Some of these conclusions may provide useful starting points for future studies. However, any future work in this field will also have to consider a number of methodological issues. For one thing it is not yet clear what is the optimal way to convert functional imaging data (derived from fMRI, EEG or MEG) to graphs for further analysis. In the case of EEG and MEG the influence of volume conduction on graph measures has not been considered, although it is possible that assessment of the clustering coefficient is biased by this. This raises the question whether the analysis should be done in signal or in source space, and if source reconstruction is needed, what algorithm should be used. Another problem is somewhat arbitrary threshold that is needed to convert a matrix of correlations to an unweighted graph. The choice of the threshold remains a bit arbitrary, and studying a whole range of thresholds may raise statistical problems (type II errors) because of the large number of tests that have to be done. One way out may be to model correlation matrices as weighted graphs, taking into account the full information available. However, at this time only few measures are available for weighted graphs. A further problem that frequently occurs when converting matrices of correlations to graphs is the fact that some of the nodes may become disconnected from the network; this presents difficulties in the calculation of clustering coefficients and path lengths. Use of global and local 'efficiency' measures, and harmonic instead of arithmetic means might provide a solution here [27]. A final remark is that the whole spectrum of graph theoretical measures has not yet been explored in most neuroscience studies. An example of study that makes use of a broad range of graph measures is the recent paper by Bassett el al. [113]. Future studies could gain by a careful consideration of all the graph measures which are currently available, and the new measures that are described in physics papers.

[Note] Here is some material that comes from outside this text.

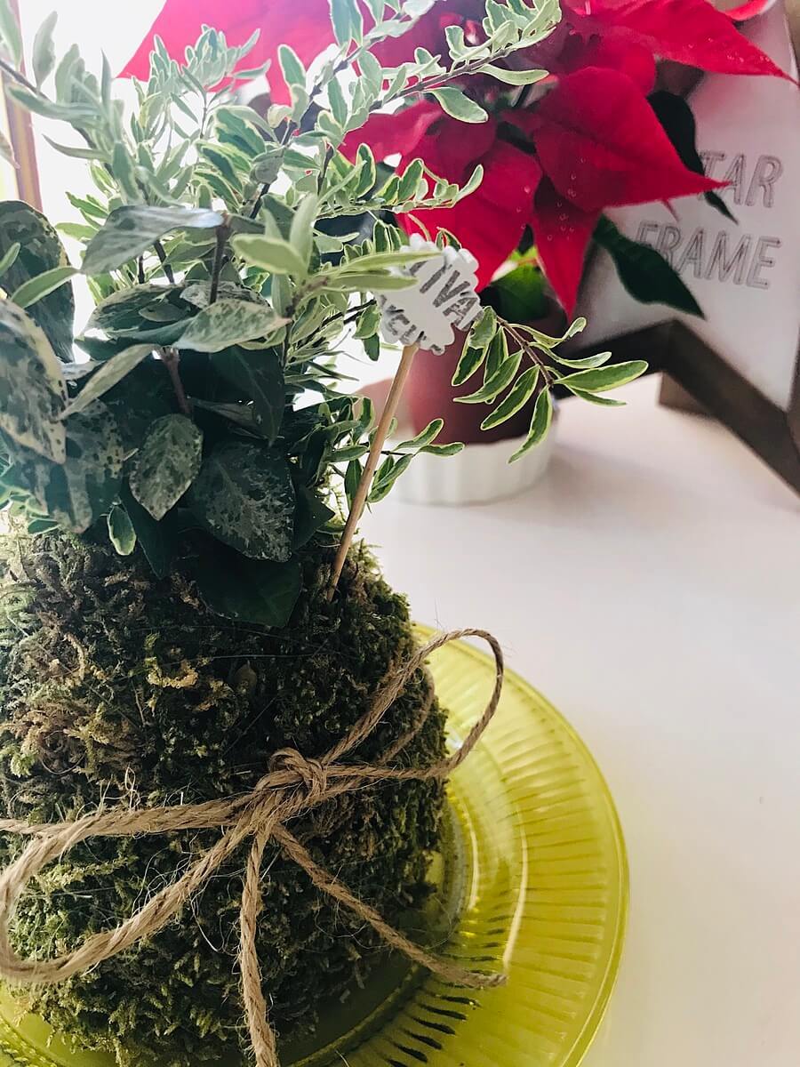 ちょっとわかりづらいですが、さりげないワンポイントでお気に入りです!ちなみに、この苔玉は自作なので余計に愛着があるんです……笑。

Finally, a number of conceptual issues for future studies deserve mentioning. Some of the questions that have to be addressed by new studies are the following: (i) how does network structure change during growth and development? Some theoretical studies have suggested scenario's explaining how small-world or scale-free networks could emerge by activity dependent changes, but whether these scenario's are a proper description of human brain development is an open question; (ii) related to this problem: it is important to know how do genetic and environmental factors influence network features? An influence of genetic factors on network properties in young adults has been suggested, but the underlying mechanisms are completely unknown. (iii) which network factors provide the best explanation for cognitive functioning? It is clear that certain network properties may be associated with increased synchronizability, and that cognition depends upon the formation and dissolution of synchronized networks in the brain? It is not yet known which network properties are the best predictors of cognitive functioning; (iv) is it possible to detect different characteristic scenarios by which brain pathology changes network structure and function? In particular, could it be that different types of brain disease may be related to either 'random error' or 'targeted attack' of brain networks, and is it possible to predict when and how brain disease will give rise to clinical symptoms? Related to this: could a better understanding of neurological disease at the network level give rise to new treatment approaches? (v) is there a relationship between network properties and susceptibility for seizures? Here the hypothesis that brain disease will convert a healthy small-world network to a more random network with a stronger synchronizability, and thus a lower threshold for pathological synchronization/seizures needs further exploration. (vi) is there a relationship between the 'giant cluster' which emerges at the onset of synchronization and consciousness? The relationship between a single cluster of synchronized neurons and brain areas and consciousness has been suggested by several authors [124, 125]. Graph theory could extend these ideas by providing an explanation how and when such a giant cluster will appear in neuronal networks, and what properties it is likely to have.